MODELING AND OPTIMIZATION OF A MICROPARTICLES SEPARATION-CLASSIFICATION PROCESS

CECILIA I PAULO; EUGENIA BORSA; M. SOLEDAD DIAZ; MIRTA R. BARBOSA

La Plata

Workshop; Pan-American Advanced Studies Institute (PASI 2014) on Frontiers in Particulate Media: From Fundamentals to Applications; 2014

National Science Foundation (USA), Department of Energy (USA), New Jersey Institute of Tecnology, CONICET La Plata, Universidad Tecnológica Nacional - Facultad Regional La Plata.

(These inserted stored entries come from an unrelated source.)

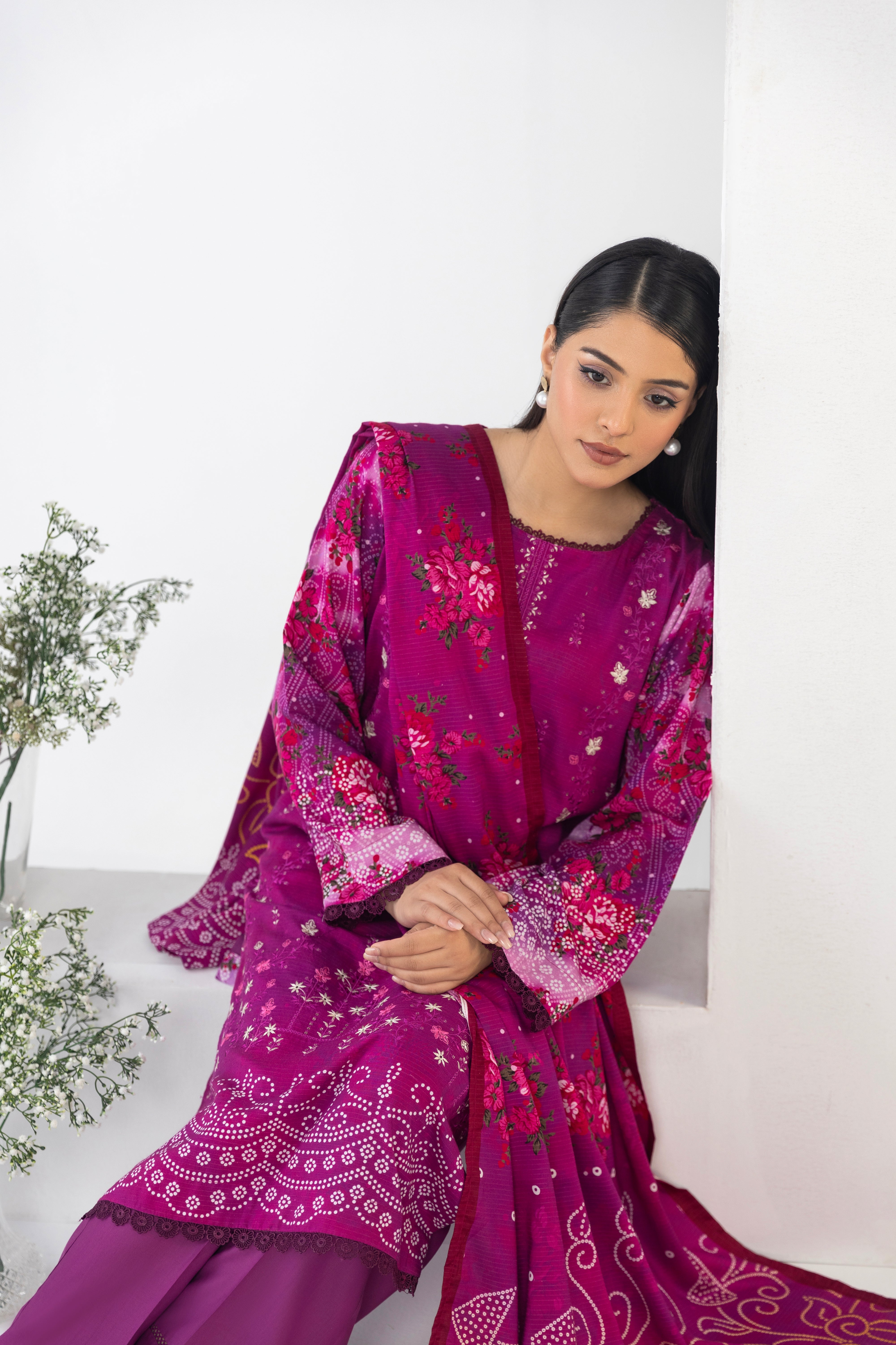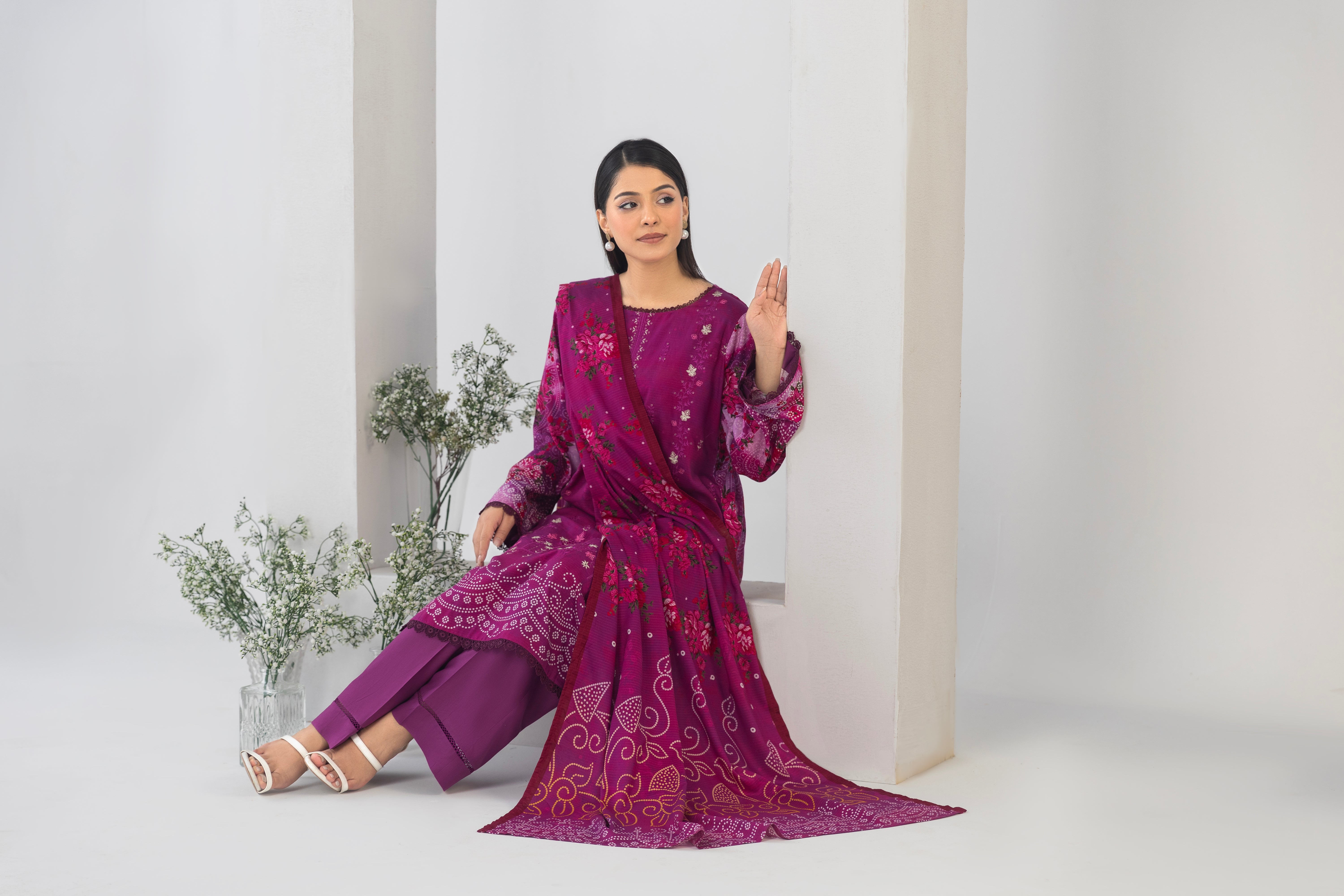 Redefine everyday elegance with this beautifully crafted unstitched 3-piece ensemble. Featuring a digital printed staple Bana Dora embroidered shirt, complemented by a matching printed dupatta and staple dyed trouser — perfect for a graceful and timeless look this season.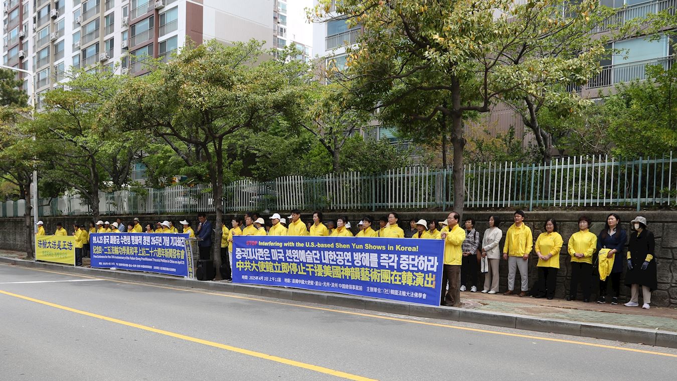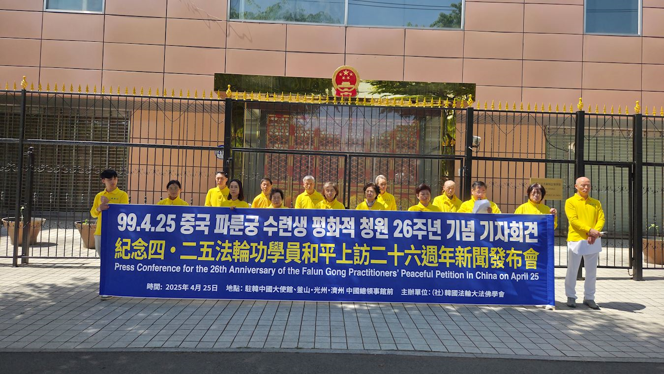 ![]() 图4:二零二五年四月二十五日,韩国法轮功学员在驻韩中共光州总领馆馆前召开纪念四·二五和平上访二十六周年记者会。 |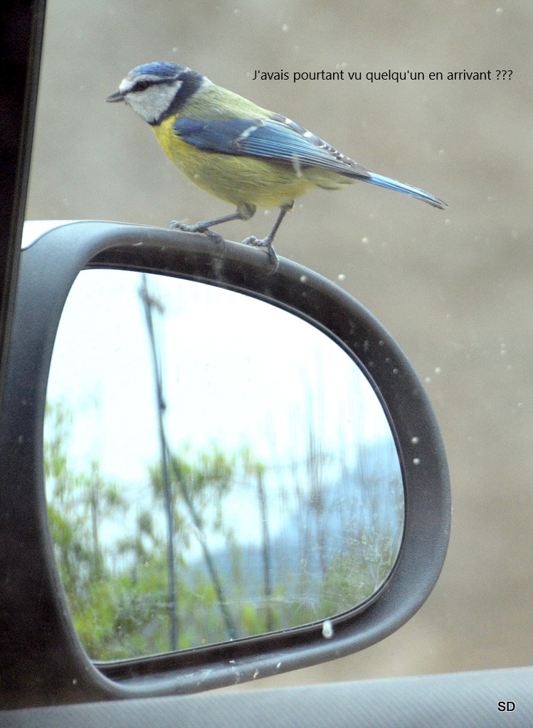 Les conditions n’étaient pas très favorables. J’étais à l’intérieur de la maison, la mésange se trouvait de l’autre côté du véhicule, il fallait donc traverser trois vitres pour pour obtenir un cliché.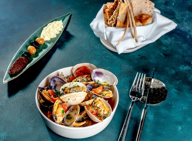 Chardonnay şaraplı kum midye, sarımsaklı ekmek ve limonla hazırlanan “SAUTE’ DI VONGOLE” ile midyenin doyulmaz tadını hissederken; ekşi mayalı hamur, manda sütü mozzarella, renkli şeker domatesle pesto sosa eşlik eden Grana Padano dilimleriyle tadı damaklarda kalan “PIZZETTA POMODORINI”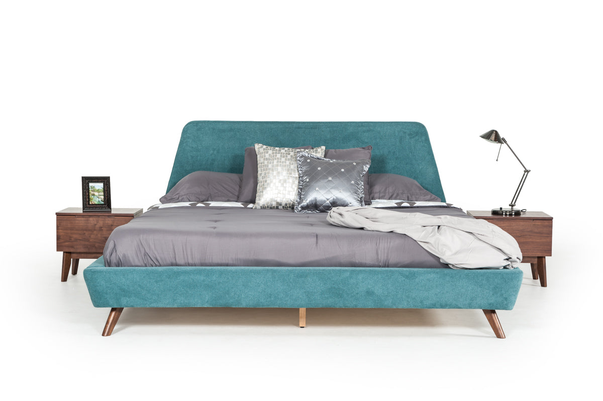 Modrest Lewis Mid-Century Modern Teal & Walnut Bed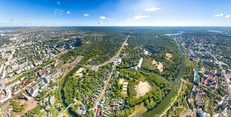 Тамбов, Россия. Панорама города с воздуха летом. Ясная погода с облаками. С высоты птичьего полета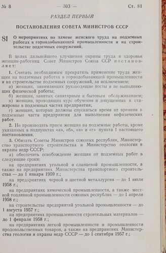 Постановление Совета Министров СССР. О мероприятиях по замене женского труда на подземных работах в горнодобывающей промышленности и на строительстве подземных сооружений. 13 июля 1957 г. № 839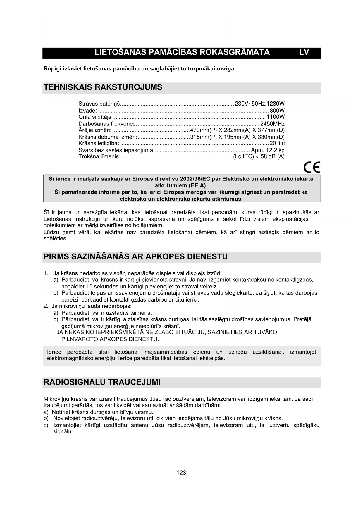 Mikroviļľu krāsns var izraisīt traucējumus Jūsu radiouztvērējam, televizoram vai līdzīgām iekārtām. Ja šādi traucējumi parādās, tos var likvidēt vai samazināt ar šādām darbībām: a) Notīriet krāsns durtiľas un blīvju virsmu. b) Novietojiet radiouztvērēju, televizoru utt. cik vien iespējams tālu no Jūsu mikroviļľu krāsns. c) Izmantojiet kārtīgi uzstādītu antenu Jūsu radiouztvērējam, televizoram utt., lai uztvertu spēcīgāku signālu. Ierīce paredzēta tikai lietošanai mājsaimniecībās ēdienu un uzkodu uzsildīšanai, izmantojot elektromagnētisko enerģiju; ierīce paredzēta tikai lietošanai iekštelpās.124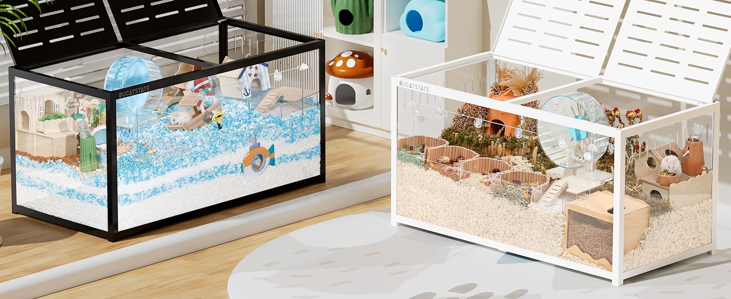 BITT-resistenter und robuster Hamster Nagarium: Aus eingedicktem, klarem Acrylplatten und einem bissresistenten Metallrahmen eignet sich dieser Gnom-Hamsterkäfig perfekt, um Ihren kleinen Escaper sicher zu halten. Mit vier Ansichtsfenstern können Sie Ihr Haustier jederzeit problemlos beobachten.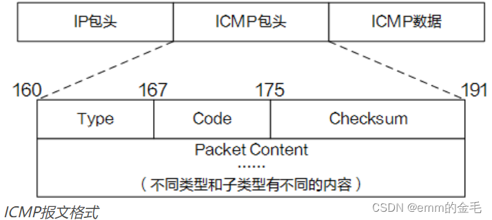 - Checksum字段表示ICMP报文的校验和。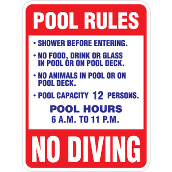 Pool Sign - "Pool Rules" #2 (12"x18") - DBD Sign Solutions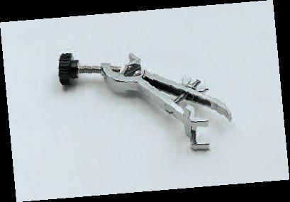 Описание: Самофиксирующийся зажим для двух бюреток, с центральным винтовым креплением. Изготовлен из хромированного металла, зажимные поверхности с покрытием из ПВХ. Позволяет видеть всю шкалу бюретки.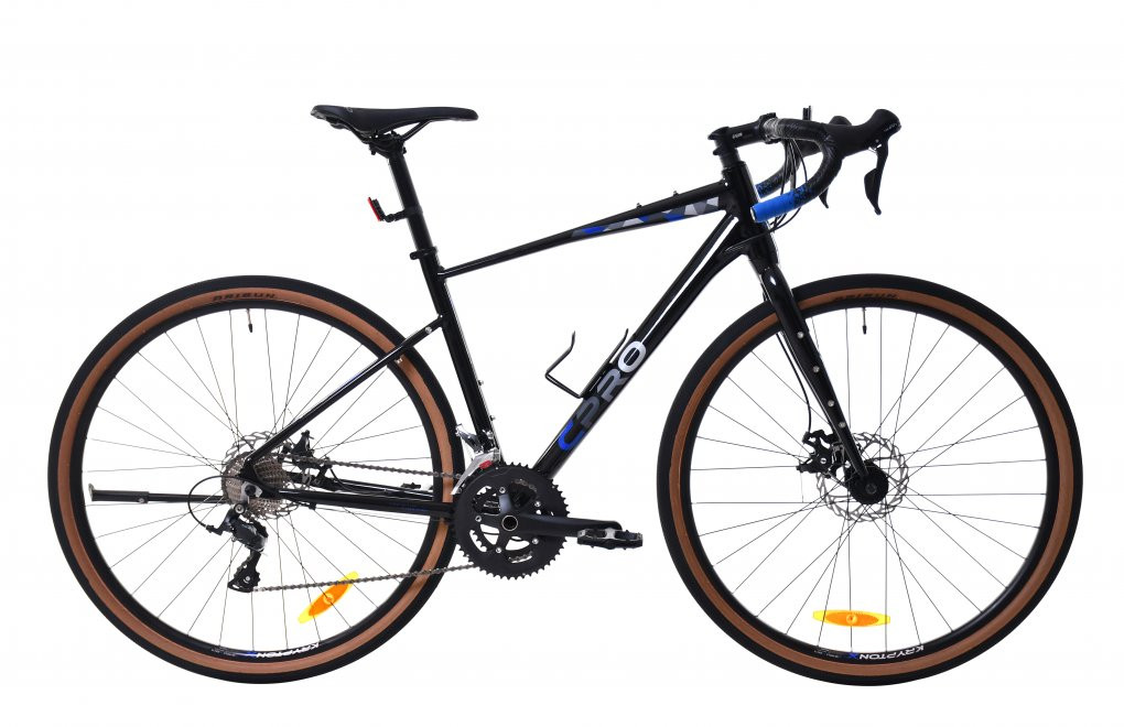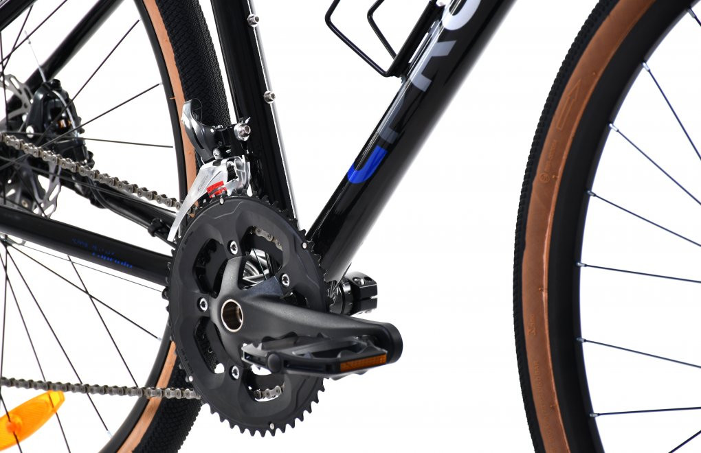Gravel bike, váz 53, kerékméret 28", 18 sebességes (2 x 9), ajánlott kerékpáros magasság 170-185 cm, első és hátsó Shimano váltó, tárcsafékek, terhelhetőség 110 kg-ig, szín fekete.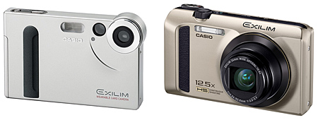 初代EXILIMの「EX-S1」(左)と最新モデル「EX-ZR300」
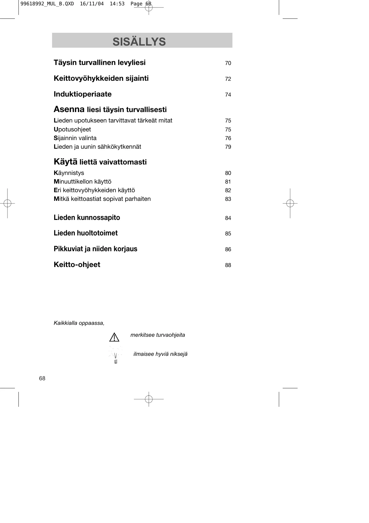 16/11/04 14:53 Page 70 Täysin turvallinen levyliesi Asenna liesi täysin turvallisesti KATTILAN turvallisuus Tämä (pyörrevirta-) liesi on suunniteltu yksityiskäyttöön asuinhuoneistossa. Haluten parantaa tuotteitamme jatkuvasti varaamme itsellemme oikeuden muuttaa laitteidemme teknisiä, toiminnallisia ja esteettisiä ominaisuuksia teknologian kehityksen mukaan. Tämä liesi on tarkoitettu yksinomaan juomien elintarvikkeiden kypsytykseen ja siihen ei kuulu mitään asbestipitoista osaa. Jokaisessa keittovyöhykkeessä on anturi, joka valvoo jatkuvasti keittoastian pohjan lämpötilaa, joten ylikuumennusvaaraa ei ole (tyhjä kattila). Kehotamme tarkastamaan aika ajoin, ettei lieden alla olevissa ilma-aukossa ole tukkivia esineitä (riepua, paperia jne.) (ks. upotettu asennus). METALLISIA ESINEITÄ koskeva turvallisuus Jos pienikokoinen esine kuten haarukka, lusikka tai vaikka sormus jne. on yksin kuumennuslevyllä, sitä ei havaita astiaksi. Näyttö vilkkuu ja virta on katkaistu. nmoins être confortés sur la de votre stimulateur, LEVYN turvallisuus Lämpöanturi valvoo jatkuvasti lieden osien lämpötilaa. Jos se kohoaa liian korkeaksi, lieden sähköteho alenee automaattisesti. Jos liesi on paistouunin päällä (ks. mahdolliset sisäänasennukset) lieden lämpövarmistukset estävät sen samanaikaisen käytön uunin kanssa pyrolyysinä.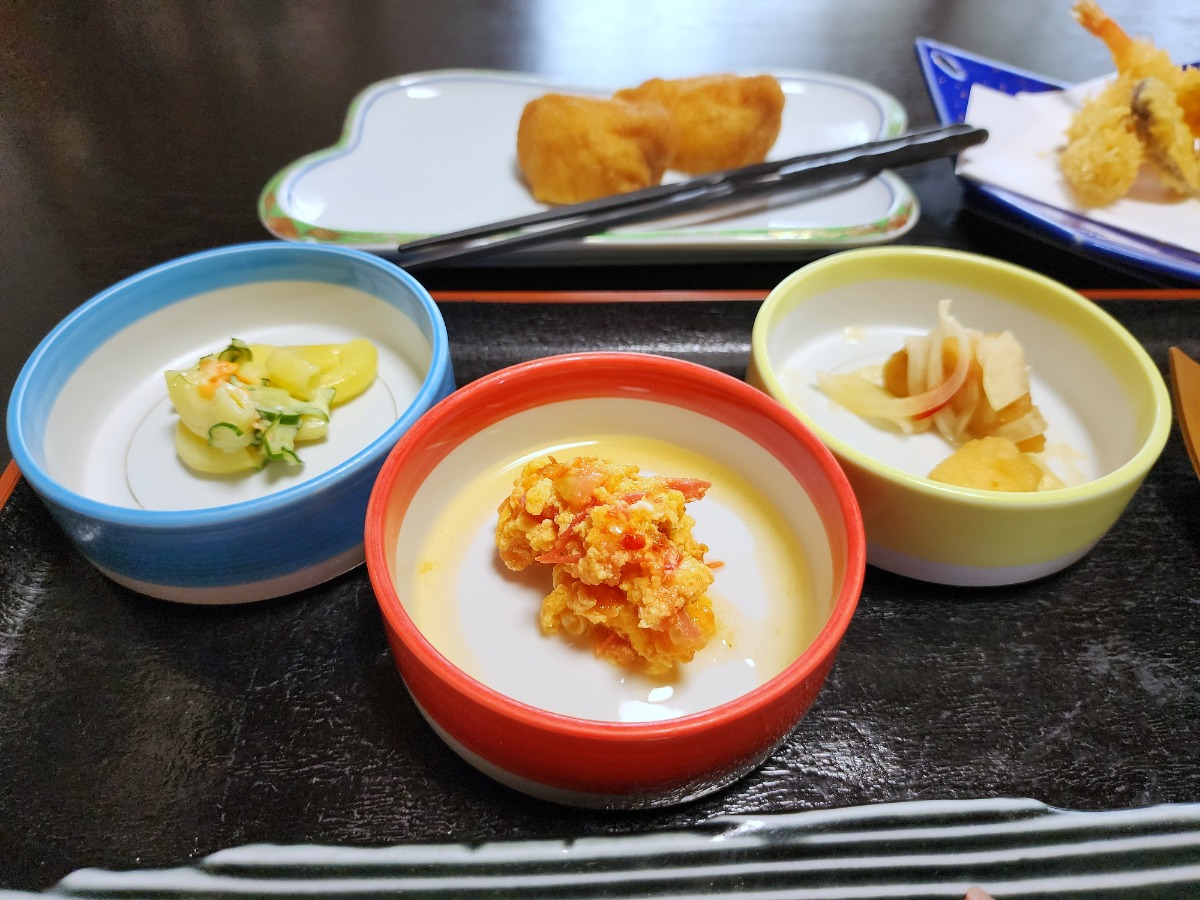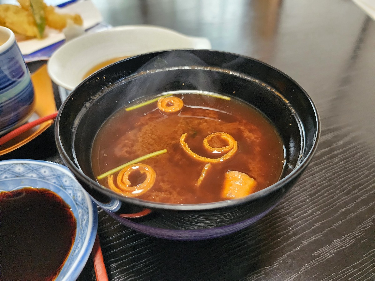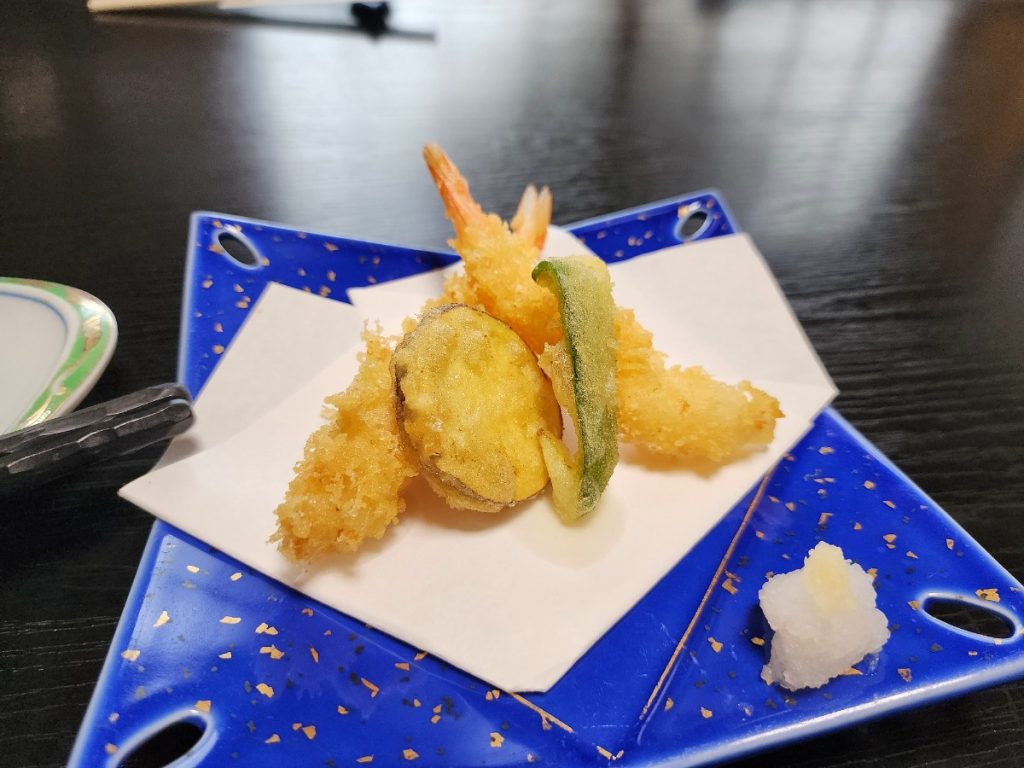 天ぷらもサクサクで熱々の茶碗蒸し、かんぱちが入った赤だし、さらにはランチタイムサービスのいなり寿司までついていてお腹いっぱい大満足のランチ!!

In this paper a nonlinear programming problem (NLP) was developed to optimize the microparticles separation and classification process, for a diameters range of 0.1-1,000 µm. The units included in the process are a powder feeder, a high efficiency cyclone, a bag filter and a fan that drives the movement of air and particulates from the feeder to the filter. The cases studied involve two particulate materials: dolomite and limestone, each one with three different particles size distributions; fifteen initials powder concentrations, varying between 2 and 20,000 g/m3 of air feeding the process; and three different types of design models for high efficiency cyclones: Stairmand, Swift and Echeverri Londoño. Different models of cyclone separation efficiency were analyzed and compared. Equations for the filter efficiency, fan and powder feeder operations were also added to the NLP model. Mass and energy balances were formulated and solve for a 2.4 m3/s air flow process. The mass fractions expressions corresponding to the outlet streams of cyclone and filter were derived taking into account the equipments efficiencies. These nonlinear expressions and the design constraints of each model design were incorporated into the optimization problem.The NLP formulated for each case, including 104 continuous variables and 83 equations, was implemented in GAMS and solved with CONOPT. The numerical results show that the separation efficiency increases with the initial microparticles concentration feeding to the process, for all the cases analyzed. The cyclone Swift proved the optimal cyclone efficiency value 93.3%, for the maximum particle concentration studied, reaching an overall process efficiency of 96.7%. The proposed nonlinear model has provided useful information for better understanding of the overall microparticles separation-classification process. Moreover, it is a valuable tool for the optimal design of these processes, due to its versatility to work at different operating conditions and different materials. The use of computational tools and constraint-based optimization has proven to be an effective method to adequately predict the behavior of the system.